== Data

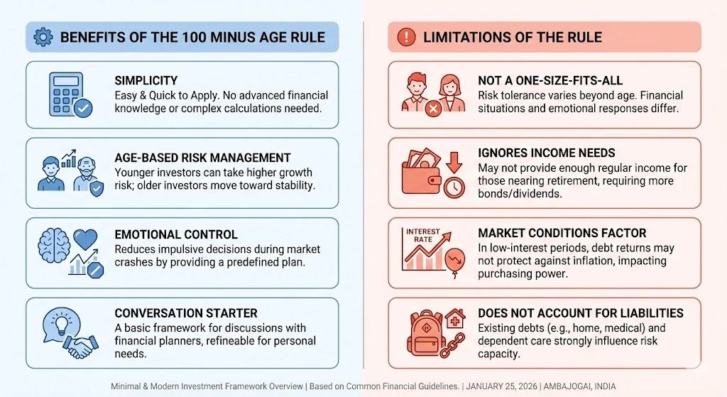 Others criticize it for ignoring personal factors. A healthy 60 year old with stable income may safely hold more equities than the rule allows. A young person with heavy debt may need lower risk exposure despite age.
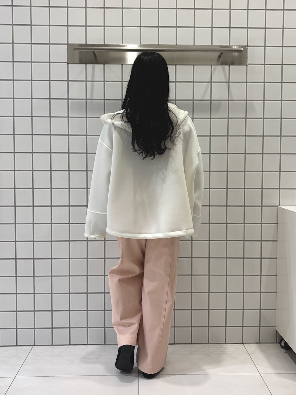 ホワイトアウター×淡いピンクパンツで、柔らかく女性らしい印象に🫖🎀
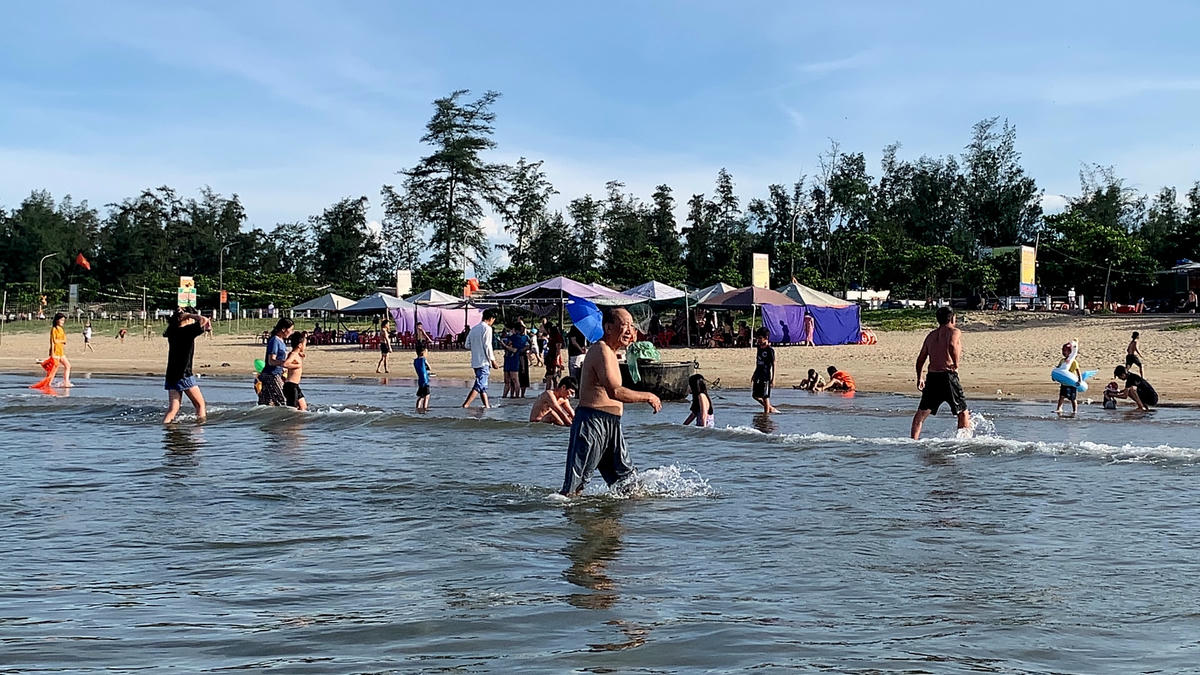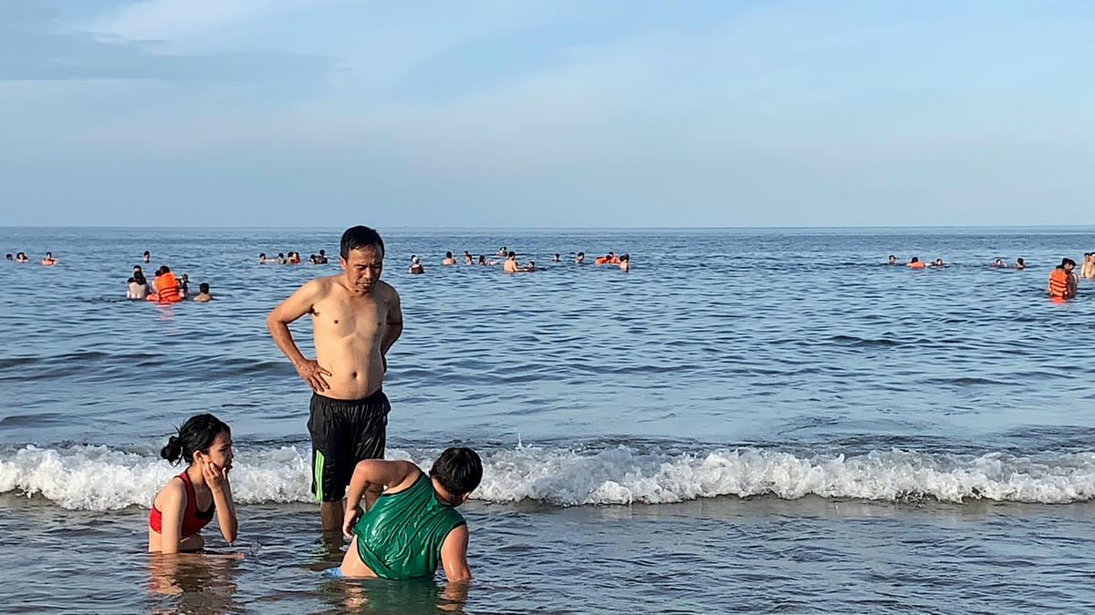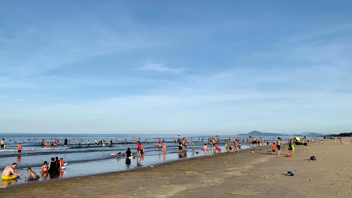 Ngày 5/6, tại bãi biển Thạch Hải, có rất nhiều du khách trong và ngoài tỉnh đến tham quan và tắm biển.
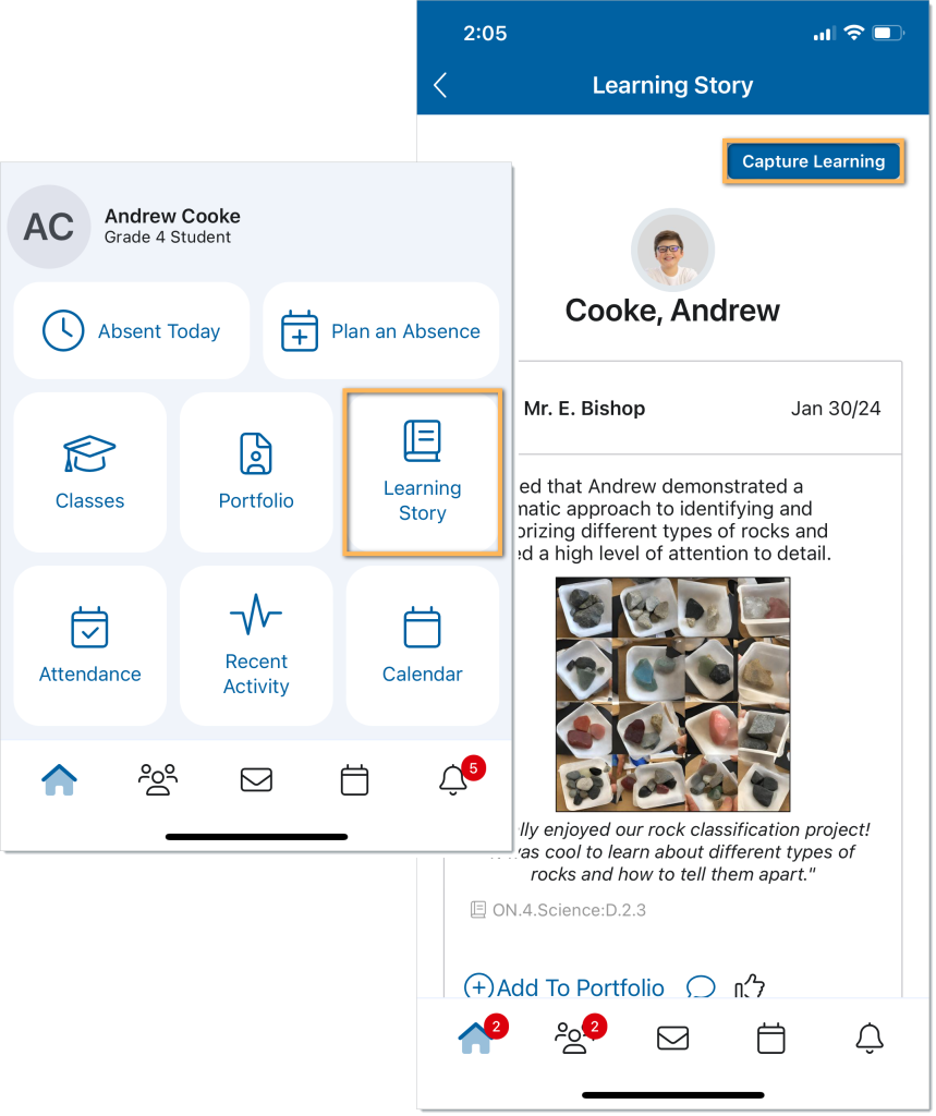 “I will be sharing student progress to their Learning Story. Navigate to your child’s Learning Story from the Home Screen on the Edsby mobile app.”

====

Both the line containing "ホワイトアウター×淡いピンクパンツで、柔らかく女性らしい印象に🫖🎀" and the last line of the listing above belong in the copy, along with every line between them; retype them exactly and omit the pictures.

 ホワイトアウター×淡いピンクパンツで、柔らかく女性らしい印象に🫖🎀
 Ngày 5/6, tại bãi biển Thạch Hải, có rất nhiều du khách trong và ngoài tỉnh đến tham quan và tắm biển.
 “I will be sharing student progress to their Learning Story. Navigate to your child’s Learning Story from the Home Screen on the Edsby mobile app.”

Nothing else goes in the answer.